On this day in 1942, Cassius Marcellus Clay Jr. was born. By the time he went to be with the ancestors on June 3rd, 2016, he was as much a man as he was a legend. He was The Greatest. We knew we would never see his like again, but rather than wallow in our grief, we considered ourselves lucky to have lived when he did. His extraordinary life, his outsize personality, his self-belief and presence of mind are primarily real to us because we were here on Earth with him, for a time.

Imagine a Black man with this much swag, at a time when our very humanity was barely recognized, when we were invisible in mainstream society. A boxer, an athlete, a single-minded competitor, he fought his way into the 60s and then moved toward the myths many of us know. Olympic Gold in 1960, heavyweight champion of the world over Sonny Liston in ’64. But then, the Vietnam War came calling, and he said: ‘I ain’t got nothing against no Viet Cong. No Viet Cong never called me n***er.’

Officially, he was a conscientious objector to the war, but to Black people, his speeches about the hypocrisy of asking for service despite racism, disrespect, and limited opportunity in America were part of the rhetoric of the Civil Rights era. This was a refrain heard many times, but rarely from someone this charismatic, this compelling, this..phenomenal.

And really, this is the thing those of us who love sports love. The intangible we can hardly describe, the essence of the narrative of sports. The thing we can’t stop waiting for again, and again. It’s the moment where the athleticism, the dedication, the precision, the prediction, the unprediction, the un-reproducable, arrives. And then we wait again, we collect these moments, they connect us to history and each other and mass culture and, even distantly, to these extraordinary feats.

Muhammad Ali, his name after converting to Islam in 1964, was unstoppable even in defeat. He was his own strongest supporter. His unapologetic resistance to the draft galvanized many Black people in a time when tangible change seemed possible. He inspired Black people all over the world. The documentary about his ‘Rumble in the Jungle’ fight against George Foreman, When We Were Kings, is one of my favorite sports documentaries of all time. The political, social, and economic stakes of the event are gorgeously articulated.
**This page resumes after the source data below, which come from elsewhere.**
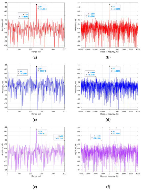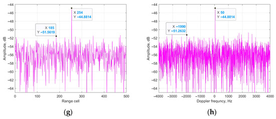 After clutter cancellation, most of the clutter echo signals are suppressed, but there is still a small amount of clutter residue and thermal noise. The energy level of the weak target echo is still weaker than the thermal noise. Thus, range-Doppler processing between the reference signal and the signal residue after clutter cancellation is required to raise the energy level of the weak target echo and further suppress the interference signal, which is performed as
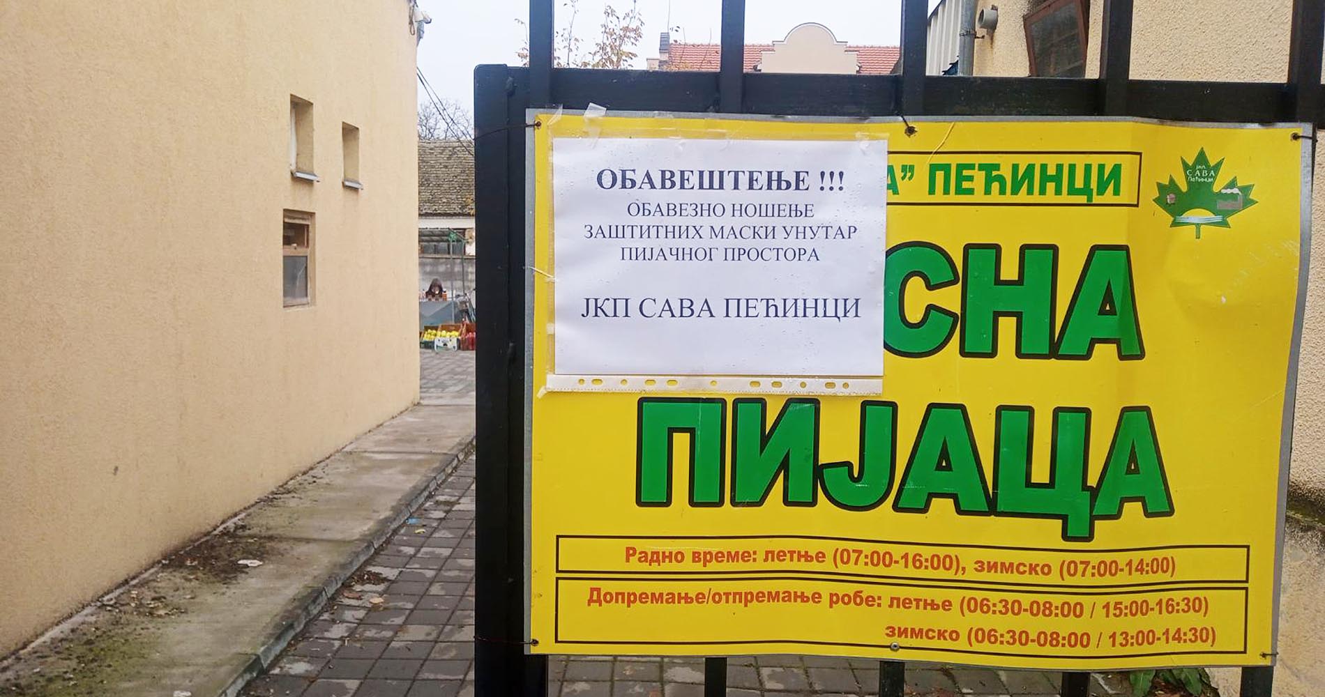 Kako je saopštilo pećinačko Javno komunalno preduzeće “Sava” od danas su na ulasku u mesne pijace u Pećincima i Šimanovcima postavljene nove dezinfekcione barijere, kao i obaveštenje da je unutar pijačnog prostora obavezno nošenje zaštitnih maski.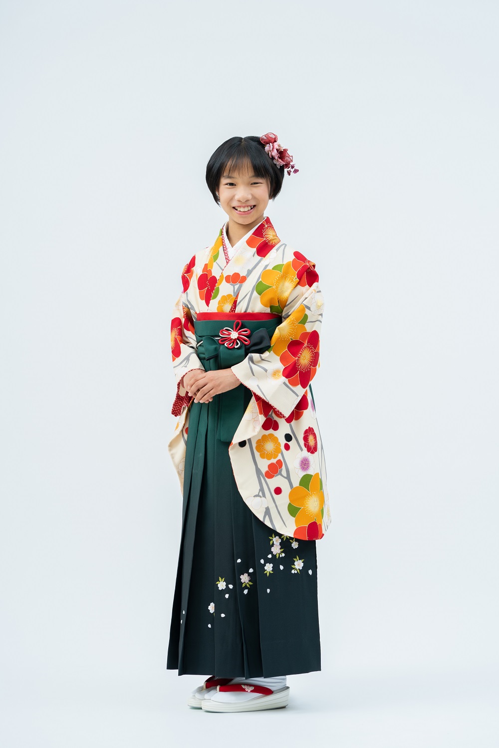 小学生向けの袴レンタルの商品です。袴は変更できますので、お気軽にお申し付けください。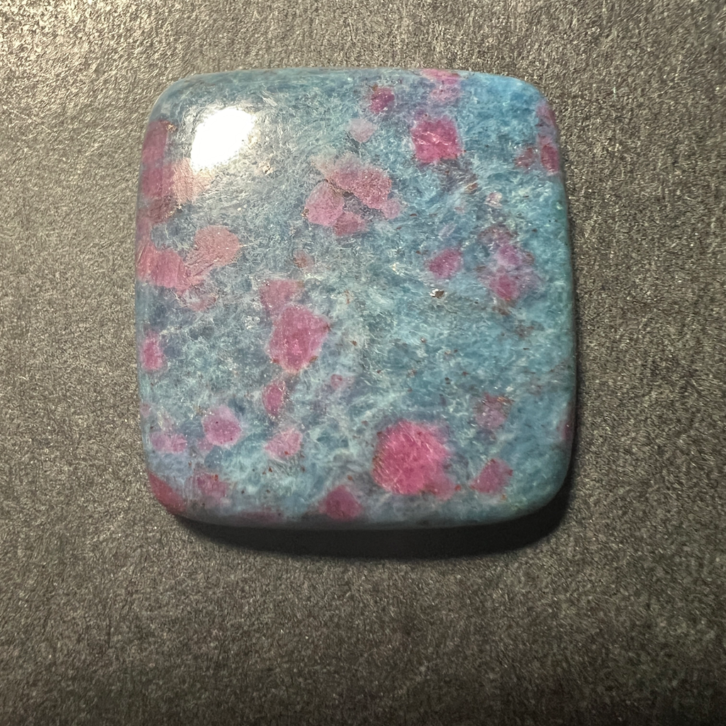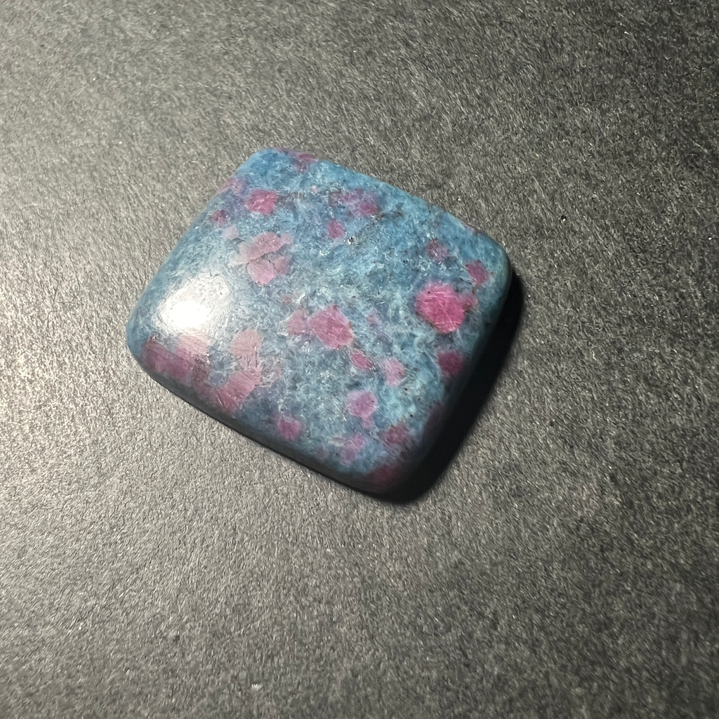 “Dans cette roche toute en finesse, le rubis est parsemé sur une matrice de cyanite, d’un plus bel effet, sélectionnée ici dans sa plus belle qualité.

Away from his dramatic sports triumphs, apart from his extraordinary way of being, Ali was also incredibly generous, donating to HBCUs, and charities, feeding millions of people in his lifetime. He talked a guy down from a bridge in the early 80s. Yes, he endorsed Reagan for re-election in ’84. He also negotiated hostage releases just before the first Gulf War. He brought attention to the Rwandan genocide. He lit the Olympic flame in ’96. He was awarded the Presidential Medal of Honor in 2005. All of this in one lifetime.

I felt a familiar feeling when the news of Pele leaving us reached the internet a few weeks ago. What a time to be alive, to have seen all that these Black men accomplished, from so little, to so much, always seeking to encourage, uplift, and triumph, not for personal glory, but because they knew themselves, they knew their worth, and they knew how to use it before anyone else would.

At any rate, it’s approaching midnight, I wrote this in one fell swoop, and I’m tired, so that’s that.

Be good to each other. Extend grace, give benefit of the doubt. Contribute to the compassion we all appreciate here in this community.